About Paige

I grew up in Evergreen, Colorado and moved to Virginia at sixteen. The Colorado Rockies are an amazing place to grow up; turquoise skies and jagged mountain peaks loomed outside my classroom window. There were often elk at my bus stop. The little town of Evergreen held a summer festival, the Colorado Philharmonic Orchestra played by the lake on the Fourth of July, and the Kiwanis Club sold Christmas trees at the Hardware store in December. My pediatrician was my best friend’s dad, and I could walk–through a meadow full of wildflowers–to the movie theater, where movies were always three dollars.

Paige Duncan JohnsonNow I live in Alexandria, Virginia, with my husband and four children. It is a nice place to grow up in a different way: when we are bored and need an outing, we go to the American History Museum, or the Museum of Natural History. Every day on the way to school, the Potomac River is beside us, sparkling in the sun, and in the summer, we have taken a picnic dinner to eat on the steps of the Lincoln or Jefferson Memorial. The traffic is terrible and I have lost track of what going to the movies costs, but on the whole, we are happy here.

I have wanted to be a writer since second grade, and I have published a little here and there. I have been raising amazing children and singing on the side, so writing had taken a back seat, but it is time for me to focus on it. To get published, if I can. My hope is that this site is a way to show people who I am.


When I was thirteen, I read a book by Madeleine L’Engle called Ilsa. Most people think of A Wrinkle in Time when they think of Madeleine L’Engle, if they think of her at all, but she wrote many other things. Ilsa grabbed at my heart and my brain and shook them around a bit, and I have never forgotten it. It was all light and beauty; beautiful, complicated prose about a beautiful, complicated heroine named Ilsa. I read it twice, back to back, the way kids now read HarryPotter/PercyJackson/Twilight/The Hunger Games. But it wasn’t because of the plot; nobody had superpowers and nobody was in love with their competitor in a televised war game that ends in death. I loved Ilsa because the writing and the characters made me feel more than I felt at home or at school. The words on the page made me feel like I’d taken a giant breath of autumn air, laced with joy and melancholy, highs and lows. Like I’d won a lottery, like my dog died, like I’d been loved and betrayed and loved again. I wasn’t bi-polar, I was thirteen.
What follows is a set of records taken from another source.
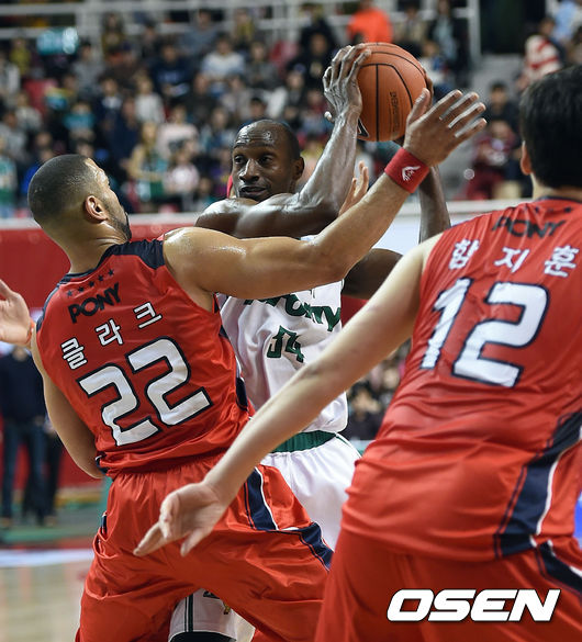 29일 오후 울산동천체육관서 열린 2014-2015 KCC 프로농구 챔피언결정전 1차전 울산 모비스와 원주 동부의 경기,2쿼터 동부 리처드슨이 패스 시도하고 있다.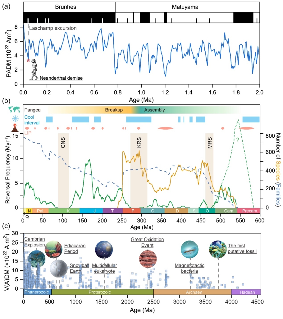 中国科学院地质与地球物理研究所生物地磁学团队潘永信院士和李金华研究员从文献整理了从万年到十亿年尺度上的地磁场极性和强度变化与重大生物演化事件,在此基础上探讨地磁变化对生物的可能作用及机制,并前瞻未来利用多学科交叉、结合实验观测与理论模拟,开展地磁场-生物圈关联研究的重要性与途径。文章认为: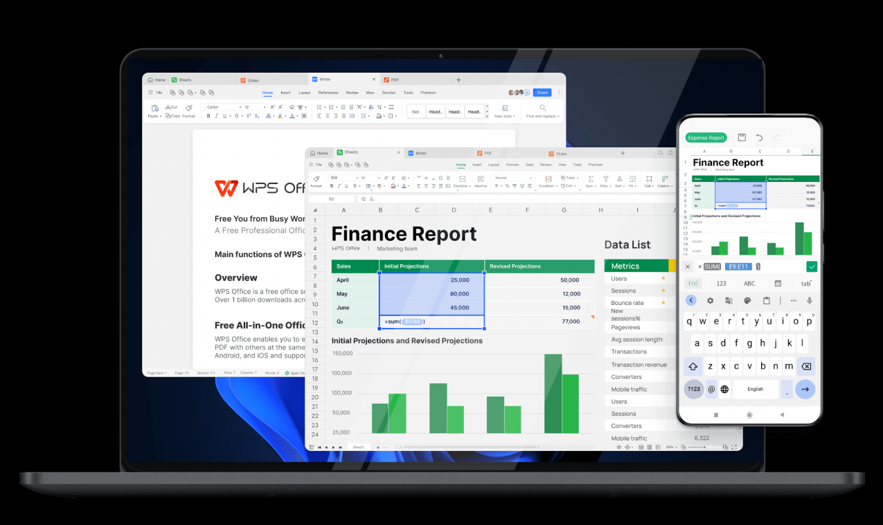 Excel Formulas and Spreadsheet: WPS Office includes a robust spreadsheet application that mirrors Excel's capabilities. You can effortlessly use formulas and perform data analysis tasks with precision.

There are books in my life, our lives, that (I really don’t want to phrase it this way but) touch us, and I am grateful to them all. I won’t say they were books that I couldn’t put down; it was more like they were books I had to put down sometimes, just to reflect. To breathe. Books that made my heart ache with feeling. Books that swept me up in the story and the words so much that colors took on a deeper hue, smells became more potent, and I read through meals, forgetting to eat unless made to. Books that made me want to be a writer.  Ilsa was one of the first. Then there was The Small Rain, Tess of the D’Urbervilles, Giant, The Thorn Birds, A Tree Grows in Brooklyn, To Kill a Mockingbird and My Antonia. Then it didn’t happen for a long time. That magic seemed to be gone. Everything I read was dull, or had an agenda, or was what I then called “Cheerleader Fiction.” (To all the cheerleaders who read Hemingway and Melville, I’m sorry.) I grew up, and started finding that magic again sometimes, by accident, when I stumble across someone who writes with poignant accuracy, or whose characters seem more real than most of the people I know. I won’t name them here, but they do exist, and I still get swept up, forgetting to eat. I wish it would happen more often. I’d be thinner.
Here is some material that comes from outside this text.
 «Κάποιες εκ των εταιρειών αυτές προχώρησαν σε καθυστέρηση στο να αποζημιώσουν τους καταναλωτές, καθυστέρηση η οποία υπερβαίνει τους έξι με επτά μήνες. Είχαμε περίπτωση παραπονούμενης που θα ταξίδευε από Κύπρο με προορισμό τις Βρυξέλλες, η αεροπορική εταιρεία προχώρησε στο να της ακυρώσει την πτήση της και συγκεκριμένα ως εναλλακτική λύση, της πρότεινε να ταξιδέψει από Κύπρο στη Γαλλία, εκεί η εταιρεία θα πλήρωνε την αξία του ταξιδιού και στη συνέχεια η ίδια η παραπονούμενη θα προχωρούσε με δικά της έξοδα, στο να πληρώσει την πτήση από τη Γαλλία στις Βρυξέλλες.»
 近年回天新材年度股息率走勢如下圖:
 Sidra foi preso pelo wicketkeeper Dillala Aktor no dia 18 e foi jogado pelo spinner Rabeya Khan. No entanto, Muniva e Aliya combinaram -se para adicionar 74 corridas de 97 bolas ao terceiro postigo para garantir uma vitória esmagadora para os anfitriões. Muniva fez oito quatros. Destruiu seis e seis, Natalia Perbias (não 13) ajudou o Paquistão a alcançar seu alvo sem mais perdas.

Well. I’m not Madeleine L’Engle. I’m no Thomas Hardy, no Edna Ferber or Colleen McCullough, no Betty Smith or Harper Lee and certainly no Willa Cather. But I can dream. I can play with words on a page and try to capture moments and feelings and contain them for the reader, for a moment, in a sentence, a paragraph. If I feel I put it down with accuracy and beauty, and if somebody–even just one person–reads it and thinks oh, I have known exactly that feeling, then I will be happy. I’ll have captured a little, imperfect but beautiful picture of humanity and framed it, and said Here: look.